五日後,李卯一行人由船舶換乘馬車,洋洋灑灑卷起塵灰又是三四日,一行人終是到了湖州外八百裏的廉州懷化城。
此行一路奔襲,除開一日三餐旅居之外,近乎大部分時間都在趕路。
如今到了廉州見時間充足倒是可以稍作休憩。
李卯是打算在廉州青定關那頭與皇後分别,如今到了城裏倒是可以稍作小憩,也不着忙那般着急跟人分道揚镳。
懷化城内,一家街坊路邊面館内,白衣帷帽男女在有些年代的黃方桌邊落座。
旁遭店家招呼食客,門前那面鍋煮的是熱氣騰騰。
這家酒館黃姓老闆乃是中原人,多年前遷徙過來廉州,一手撈面條雖然看起來平平無奇,但倒是頗讨人胃口。
況且價格平民,一碗頂了天要溢出來的面也就收你五文錢。
味道則不似江南那般淡,也不似西北那邊好辣油膩,就是原湯化原食,吃的熱氣舒服。
李卯顧及皇後可能不喜葷腥油膩,便相中這家賣酒的面館,一人要了碗番茄雞蛋撈面便坐下。

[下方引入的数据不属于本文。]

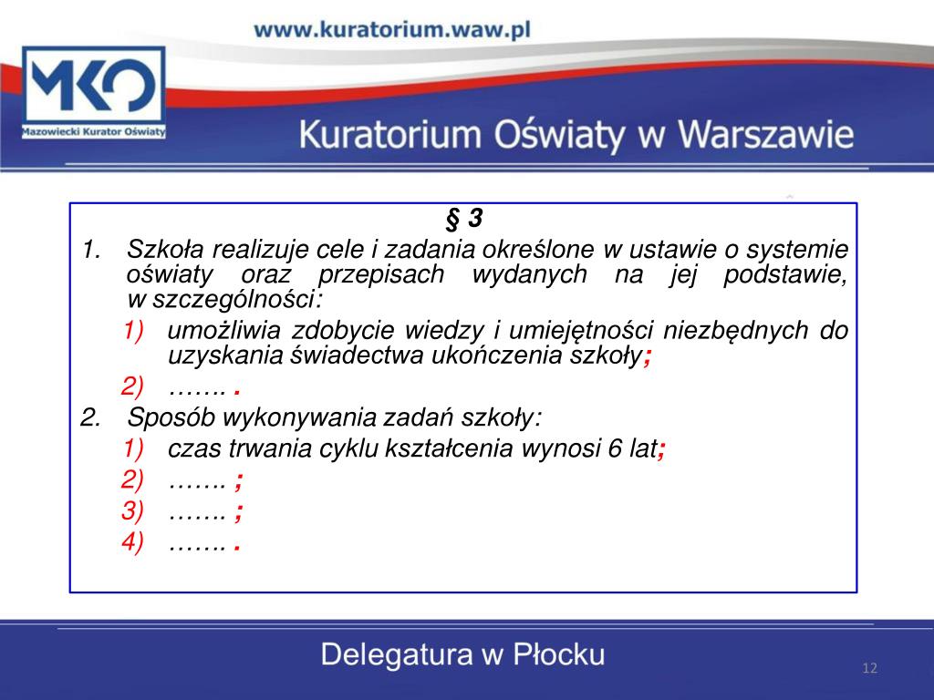 § 3 • Szkoła realizuje cele i zadania określone w ustawie o systemie oświaty oraz przepisach wydanych na jej podstawie, w szczególności: • umożliwia zdobycie wiedzy i umiejętności niezbędnych do uzyskania świadectwa ukończenia szkoły; • ……. . • Sposób wykonywania zadań szkoły: • czas trwania cyklu kształcenia wynosi 6 lat; • ……. ; • ……. ; • ……. .
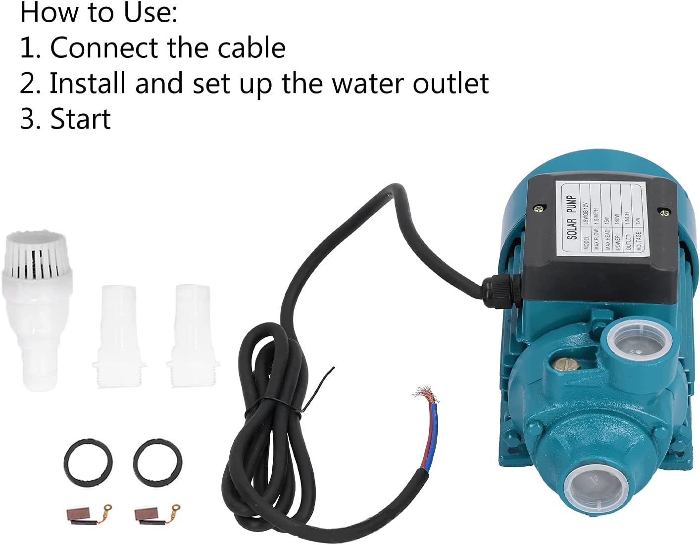 Store New Arrivals Add to Favorite View Feedback Solar Well Pump Kit, Lake Pump for Irrigation, DC 12V 180W Water Transfer Pump Unipolar Impeller Motor Pump for Garden Lawn Irrigation System, Lake Fountain - 1 Inch Outlet, 15M Head Description Item model number LSWQB-12V Part Number Cuque2b78cfr0w61721 Style Above Ground Maximum Lifting Height 49.2 Feet Power Source Solar Powered Item Package Quantity 1 Color Stainless Steel Brand Naroote Material Aluminum, Stainless Steel Country of Origin China Batteries Required? No Item Weight 7.79 pounds Maximum Flow Rate 1.5 Cubic Meters Per Hour Batteries Included? No Voltage 12 Volts (DC) Manufacturer Meiyya Product Dimensions 0.39 x 0.39 x 0.39 inches Included Components inc 【Versatile Water Supply Solution】This solar well pump is designed to meet various water supply needs. It's perfect for household pressurized water supply, agricultural sprinkler irrigation, boiler water supply, and more. 【Compact and Lightweight】The water transfer pump features a compact structure, small size, and lightweight design, making it easy to handle and transport. It's convenient to install and set up in different locations. 【Durable Construction】Made with a cast aluminum body and built-in stainless steel plate, this unipolar impeller motor pump is highly durable and wear-resistant. It ensures reliable performance even in demanding environments. 【Efficient Heat Dissipation】The horizontal single suction irrigation pump's ventilation design includes a fan cover, which promotes better heat dissipation during operation. This helps maintain the optimal performance and prolongs the pump's lifespan. 【Smooth and Quiet Operation】Equipped with a double ball bearing design, the motor runs smoothly and quietly. You can enjoy a noise-free water supply without any disturbances. Invest in this reliable and durable solar well pump to meet your water supply needs. Whether it's for household use, agricultural applications, or boiler water supply, this water transfer pump ensures efficient and hassle-free operation. With its compact size and lightweight design, it's easy to install and move as needed. The powerful motor and durable construction guarantee smooth and reliable performance. Order now and experience the convenience of a reliable water pump solution. Specifications: - Item Type: Water Pump - Material: Cast aluminum + brass + stainless steel - Model: LSWQB-12V - Voltage: DC12V - Maximum Flow: 1.5m³/H - Discharge Lift: Approx. 15m / 49.2ft - Power: 180W - Outlet: Approx. 1in - Application: Boiler water supply, underground water lifting, water tower water supply, farmland irrigation, solar water supply, water supply for households on floors How to Use: 1. Connect the cable: Begin by securely connecting the cable to the power source. 2. Install and set up the water outlet: Attach the appropriate water outlet for your specific application and make sure it is properly installed. 3. Start: Once all connections are complete, turn on the pump and enjoy a consistent water supply. Package List: - 1 x Water Pump - 3 x Outlet Pipe Joint - 2 x Black Gasket - 2 x Carbon Brush - 1 x User Manual ABOUT US We offer the best prices around on high quality products. Our E-store includes media such as books, movies, music and games while offering electronics, toys, sporting apparel, clothing, tools, general home, garden items and more. SHIPPING We are always working hard to ensure your package arrives as soon as possible. Please understand that some factors like weather, high postal traffic, and the performance of shipping companies are outside of our control. We offer free shipping to the lower 48 states and ship within 2 business days of payment, usually sooner. We do not accept P.O. Boxes. Please provide a physical address. RETURNS We offer a 30-Day Return Policy on items which you are not completely satisfied with. You have the option for a full-refund or an exchange of the item. No returns are available on items shipped outside of the USA. PAYMENT We accept PayPal. CONTACT US This page content is yet to come Please ad us to your favorite seller and visit again later Thank You

面還沒上,店裏生意極好,到處吆喝的,下工的漢子頗有氣力。
嘈雜裏頭,李卯取出一方手帕将店家筷子抽出來仔細擦了擦,遞給裴圓圓。
自己則大大咧咧就這般用了,放在面湯碗上。
裴圓圓接過筷子,稍有詫異,似是不懂李卯出身華貴,竟然也能在這種亂糟糟的蒼蠅館子裏坐下。
她倒是無所謂,小時候本就是民女出身,現今也不過是回了之前那生活。
她反倒還覺得這環境更自在些,更讓人着迷些。
裴圓圓餘光瞄着李卯。
噔——
店家黃老闆一手一碗面,走到兩人跟前将飯碗放下,慈和一笑:“兩位客官打扮不凡,區區粗面兩碗,還望莫要嫌棄。”
李卯擺擺手回笑道:“好說。”
裴圓圓看着面前蔥白茄紅的撈面,下意識便要去取面上的帷帽,隻不過下一秒又頓住,頗無奈透過面紗望向李卯。
平日他們也沒在這種人多眼雜的環境裏吃過飯。
李卯手中筷子頓住,心領神會起身将屁股挪到了裴圓圓那一條凳邊,貼着坐下後幫着撩起那遮掩唇邊的紗幔,輕聲道:“夫人不用擔心,隻露出嘴别人看不出來什麽端倪。”
裴圓圓稍一猶豫,盯了李卯片刻,還是低頭夾起幾根裹滿鹹鮮湯汁的面送入粉唇中,小口咬斷小口嚼,若不細看還真瞧不出來那腮幫子在動彈,主打一個慢條斯理,風雅矜持。
李卯倒也不着忙,頗感有意思盯着瞧。
“待用過餐,到了青定關,我就命人護送娘娘回京。”李卯冷不防輕聲道。
裴圓圓停下咀嚼面條,帷幔下桃花美眸垂了垂,微乎其微嗯了一聲。
李卯細心給裴圓圓唇邊一點湯汁拭去,裴圓圓身子頓了頓,随後叨起一筷子白面擡眸看向李卯。
“給。”
李卯一愣,旋即搖搖頭道:“你先吃,我待會兒再吃也一樣...”
但話沒說完,裴圓圓就将筷子送了過來,李卯見那不容質疑的模樣,無奈下隻好張嘴接下。
那上頭還有清晰可辨的津液...雖然之前沒少換過,但當時也隻是情急之下。
李卯一面嚼一面苦笑:“夫人你這是作何。”
裴圓圓卻覺得沒什麽不妥,回道:“我吃不下那麽多。”
一邊那靠在露天鍋台前煮面的黃姓店家看在眼中,呵呵直笑道:“兩位客官倒是好閑情,一般來我這店裏的都是些糙漢莽夫,真不常見您二位這麽慢條斯理細緻的人物。”